**** Excerpted records ****

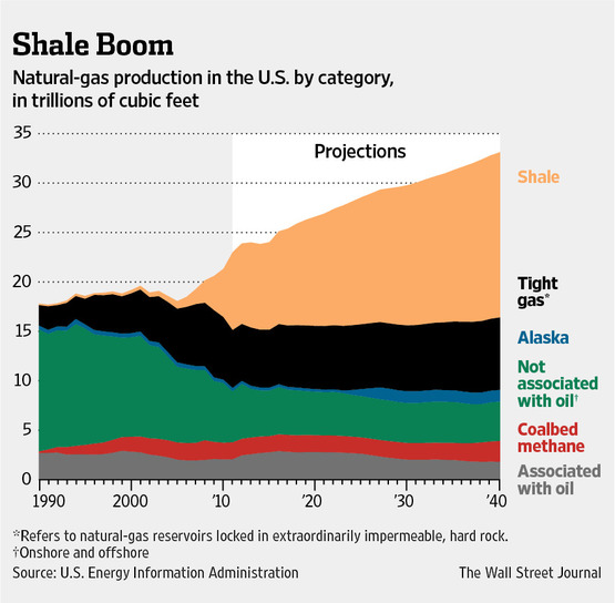 Sometimes it seems as if the environmental movement has been left behind by the sheer speed of America’s shale energy revolution. That may be because a resource—natural gas—that environmental groups once saw as part of the solution has become part of the problem, at least as they see it. Shale gas and oil are widely viewed as one of the biggest forces to hit the U.S. economy in modern history. Total U.S. gas production has rocketed 33% since 2008 and oil 46%, driving down energy costs. The expanding shale industry supported 1.7 million jobs in 2012 and produced $62 billion in state and federal tax revenue, according to IHS/CERA, the energy consultancy.
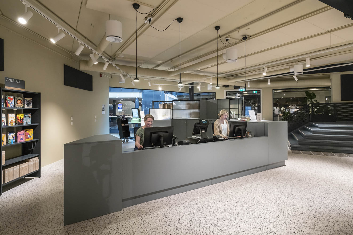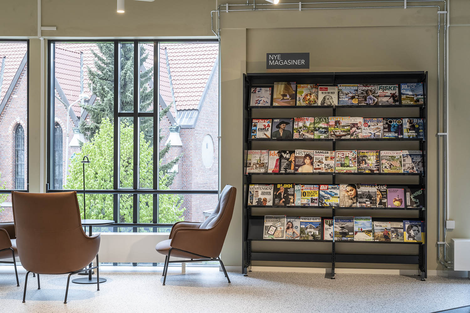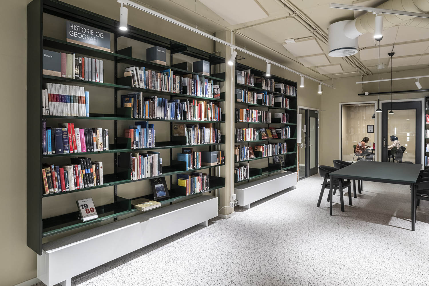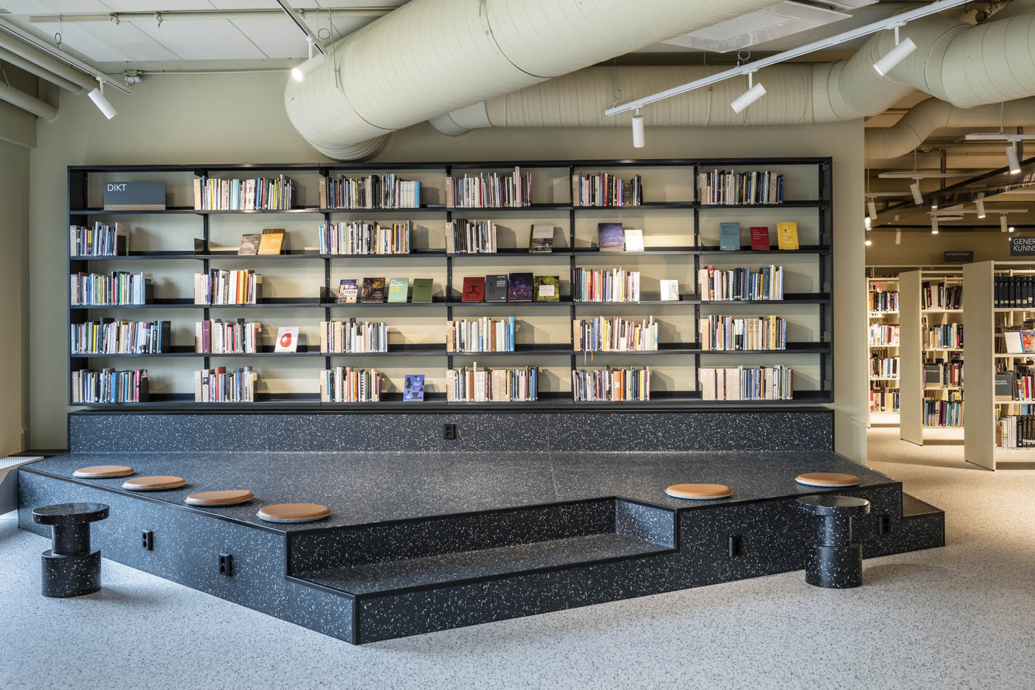 Generellt är biblioteket inrett med hyllor i både ljusa och mörka färger som kompletterar varandra och tillsammans med resten av möblerna skapar en inbjudande och mysig stämning med plats för alla besökare.
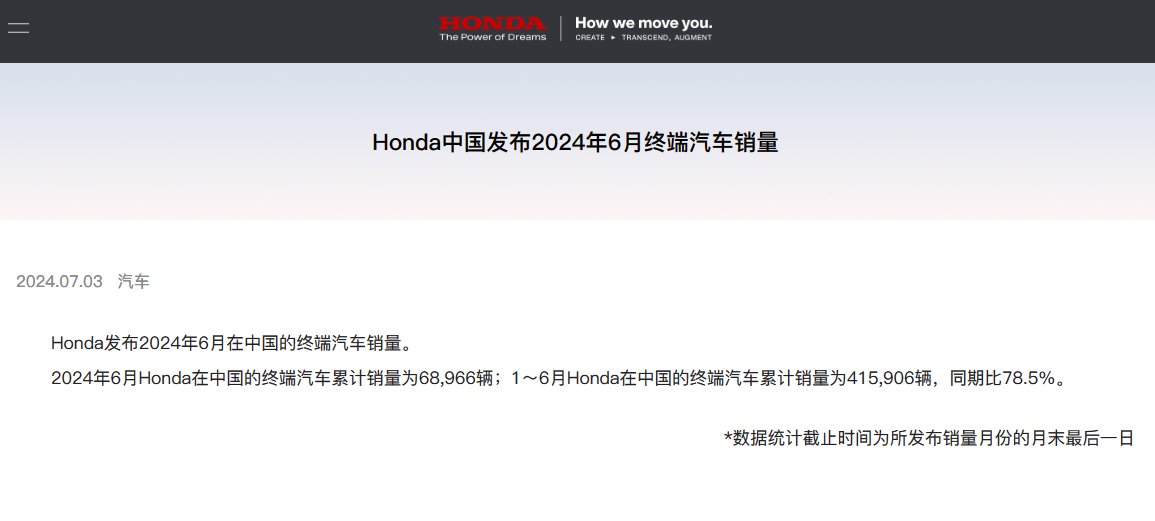 #数据 本田中国6月终端汽车销量68966辆,较去年同期减少四成。1至6月累计销量415906辆,同比跌两成。 https://t.co/Sk9I0Xeubx
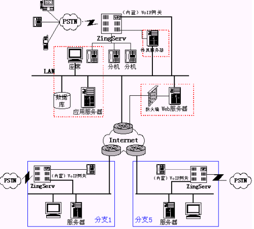 目前清華誠志數(shù)碼公司分支機構有5個,可以通過ZingServ交換機的內置VoIP功能在5個分支機構實現(xiàn)組網(wǎng),從而大大節(jié)省長話費用,并實現(xiàn)內部分機號統(tǒng)一編碼:
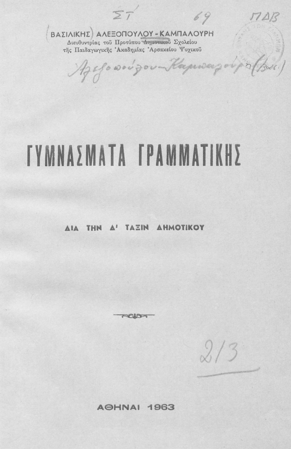 Συγγραφέας: Βασ. Αλεξοπούλου-Καμπαλούρη

****

◆ **Work request**: Pictures aside, repeat each entry in full and without change.

◆ **Answer space**:
 Sometimes it seems as if the environmental movement has been left behind by the sheer speed of America’s shale energy revolution. That may be because a resource—natural gas—that environmental groups once saw as part of the solution has become part of the problem, at least as they see it. Shale gas and oil are widely viewed as one of the biggest forces to hit the U.S. economy in modern history. Total U.S. gas production has rocketed 33% since 2008 and oil 46%, driving down energy costs. The expanding shale industry supported 1.7 million jobs in 2012 and produced $62 billion in state and federal tax revenue, according to IHS/CERA, the energy consultancy.
 Generellt är biblioteket inrett med hyllor i både ljusa och mörka färger som kompletterar varandra och tillsammans med resten av möblerna skapar en inbjudande och mysig stämning med plats för alla besökare.
 #数据 本田中国6月终端汽车销量68966辆,较去年同期减少四成。1至6月累计销量415906辆,同比跌两成。 https://t.co/Sk9I0Xeubx
 目前清華誠志數(shù)碼公司分支機構有5個,可以通過ZingServ交換機的內置VoIP功能在5個分支機構實現(xiàn)組網(wǎng),從而大大節(jié)省長話費用,并實現(xiàn)內部分機號統(tǒng)一編碼:
 Συγγραφέας: Βασ. Αλεξοπούλου-Καμπαλούρη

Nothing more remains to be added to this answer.